Weekend mornings you are here to observe. Then to top it off, following his subconscious reasoning here, for he has scarcely been aware of this, you would not only observe him, but to his way of thinking, force him to make a public spectacle of his condition. He went through all kinds of pretenses, smiling when he tried to go down the stairs, trying to tell himself that it did not hurt, and far too upset to make use of the unending line of positive suggestions he tried frantically to give himself.

[... 1 paragraph ...]

Now this is true. However, he interpreted this to mean “Because I do not want to go, I should,” which is not the same thing. I am not explaining this particular paragraph of material as clearly as I would like. There are some fine distinctions verbally that are difficult to make clear.

[... 4 paragraphs ...]

Ruburt would be, and is, susceptible to advances made on your part in the kitchen—the woman’s area; also in the living room, which is fairly neutral to both of you; or in his working place, for he has always been aware of the connection there. The bedroom has been an alarm area for both of you sexually, for the reasons made obvious, I should hope, and your studio has definitely been an alarm area on your part.

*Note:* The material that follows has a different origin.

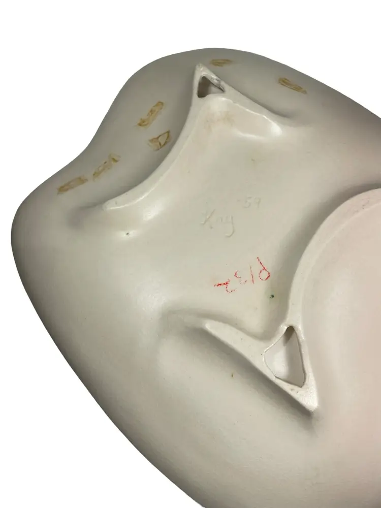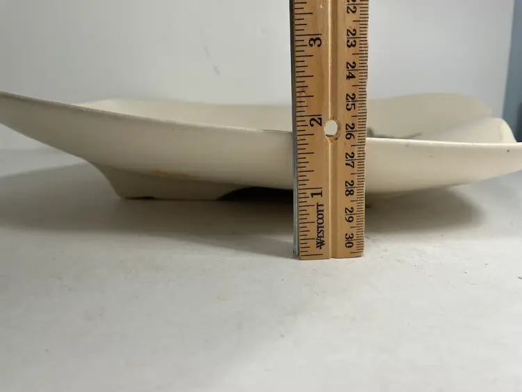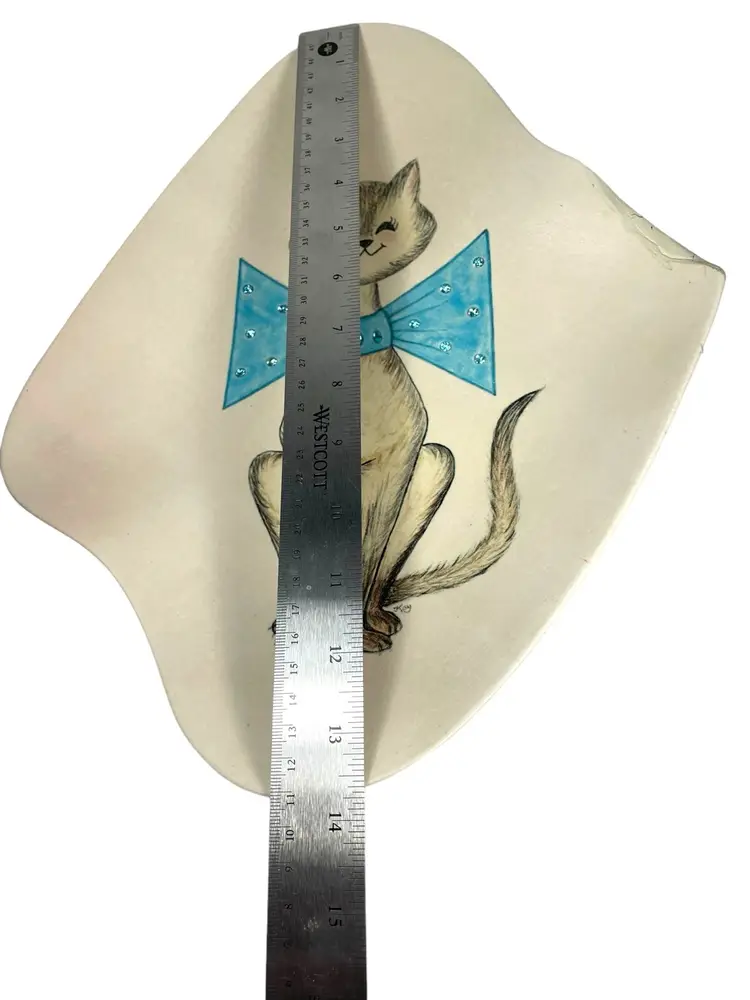 12” x 14” x 2”. Faux jewels on bow. No chips or cracks, small flaw under glaze, smooth touch.

On one level Ruburt grossly misinterpreted your reaction here; since he was susceptible and knew it in his work area, he erroneously supposed you would be. The fact is that Ruburt, working, attracts you sexually, and you working attract Ruburt sexually. You however, being the male breadwinner as well as artist, feel most threatened by sex when you are working, because pregnancy could threaten the artist. So your attitudes in that regard, and reactions, will be mixed but usually adverse.

Now. Before I close a note: in your combined backgrounds you nicely chose situations in which parents did not have ordinary sexual relationships. Yours did not sleep together for years, and you are quite familiar with that pattern. You could have very nicely decided upon separate bedrooms or beds—it would fit in with your family background, and also with the situation. This is one peril that you did avoid, for it would have allowed you to go even further along the noncontact lines.

There were not even two sexes in Ruburt’s early household. Neither of you then had ordinary sexual family patterns that you would seek to emulate, or that would be deeply ingrained—all in line with what you had chosen.

Now I will close. These are important points however. If you have questions I will answer them. I thought your hands would be quite tired by now.